Senandung RASA Ketika hati dan otak mulai tak mampu lagi menampung rasa dan lisan tertahan untuk menyenandungkannya, maka tulisan mengambil alih untuk menyampaikannya. Menyenandungkan semua tentang Rasa...

Minggu, 08 Juni 2014

Seratus Mawar Putih

Rian menatap rangkaian mawar putih yang ada di tangannya. Seratus tangkai mawar putih. Bunga favorit dia yang telah jauh disana. Bunga terakhir yang menjadi permintaan dia yang telah tenang disana. Seratus tangkai mawar putih yang dulu pernah menjadi awal sebuah kisah singkat yang manis. Kisah yang mengajarkan Rian tentang arti memiliki dan kehilangan, arti melindungi dan menjaga, arti sebuah keikhlasan dan arti sesungguhnya sebuah rasa yang disebut cinta

***

"Aku nggak mau pergi kemana-mana, aku mau disini aja. Sama kamu," ucap Kinan lirih. Matanya menatap Rian lembut, berharap lelaki yang duduk di sampingnya ini mau mengerti permintaannya.

"Tapi kamu sakit, Nan. Pergi berobat kesana itu, adalah pilihan yang baik untuk kamu. Kamu harus sembuh." Rian berkata sambil menggenggam lembut tangan Kinan.

Kinan menggeleng pelan, "aku tahu, tapi aku juga tahu mana yang paling baik untuk aku. Aku lebih pilih hidup hanya satu jam, tapi bisa sama-sama kamu dan Mama Papaku, daripada harus pergi ke tempat yang jauh dan aku harus terkurung di dalam ruangan yang aku nggak suka."

Rian terdiam mendengar kata-kata panjang dari Kinan. Sejujurnya, jauh di dalam hatinya, ia juga ingin Kinan selalu disisinya.
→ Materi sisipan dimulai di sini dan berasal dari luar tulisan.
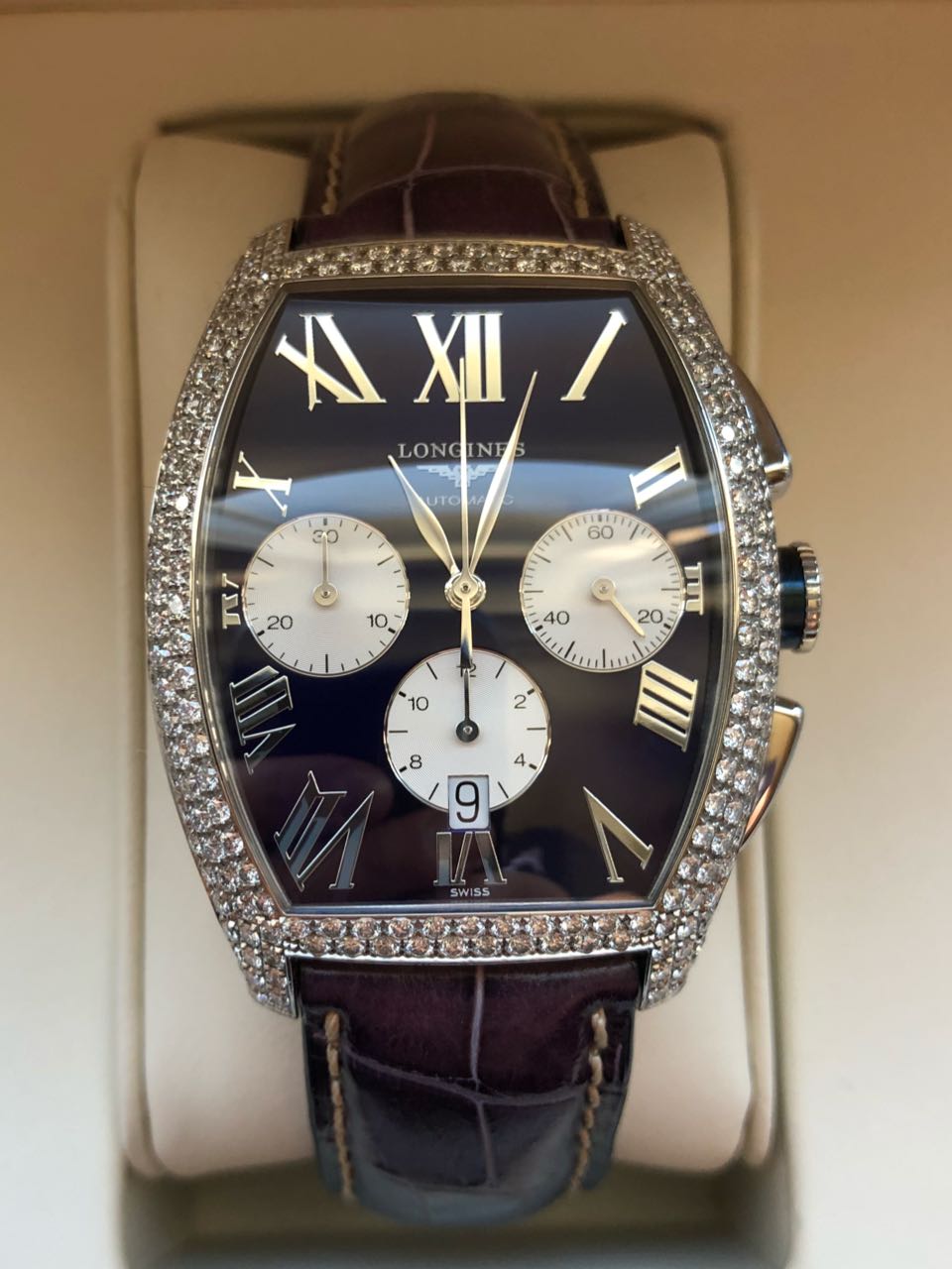 РОСКОШЬ без границ. ВОСХИТИТЕЛЬНЫЙ хронограф LONGINES. 3.12 карат!!! 200 брилиантов. Синий. Идеал.

Selalu dalam jangkauan matanya. Tapi, pergi ke Singapure ini, adalah satu-satunya kesempatan gadis yang dicintainya ini bisa sembuh.

Kinan tersenyum lemah melihat Rian yang diam termenung di sampingnya. "Hei," Kinan memegang lembut wajah Rian dan mengarahkan wajah yang diliputi mendung gelap itu kepadanya. "Aku, tahu apa yang aku mau. Kalau Tuhan memang masih memberikan aku kesempatan untuk sembuh dan baik-baik saja, mau dimanapun aku, aku pasti akan sembuh."

Rian menghela nafas panjang. Digenggamnya tangan Kinan yang masih menempel dipipi kanannya. Lembut, tangan itu begitu lembut. Rian selalu menyukai setiap kali Kinan menyentuh wajahnya seperti ini. Seberat apapun masalah yang tengah dihadapinya, seolah luruh bersama belaian lembut ini.

"Aku bener-bener nggak mau kamu kenapa-napa. Aku mau kamu sembuh." Ucap Rian pelan. Matanya menatap manik coklat mata Kinan, memohon. "Aku mau kamu sembuh, Kinan."

Lagi, Kinan tersenyum mendengar ucapan Rian. "Kamu tahu, setiap hidup ituselalu ada pilihan yang sulit pilihan. Dan ini pilihanku. Pilihan untuk tetap disini, berobat disini dan dekat sama kamu juga keluargaku. Aku nggak mau, mati sendirian tanpa kalian. Percayalah, apapun hasilnya nanti, itu kehendak Tuhan yang paling baik."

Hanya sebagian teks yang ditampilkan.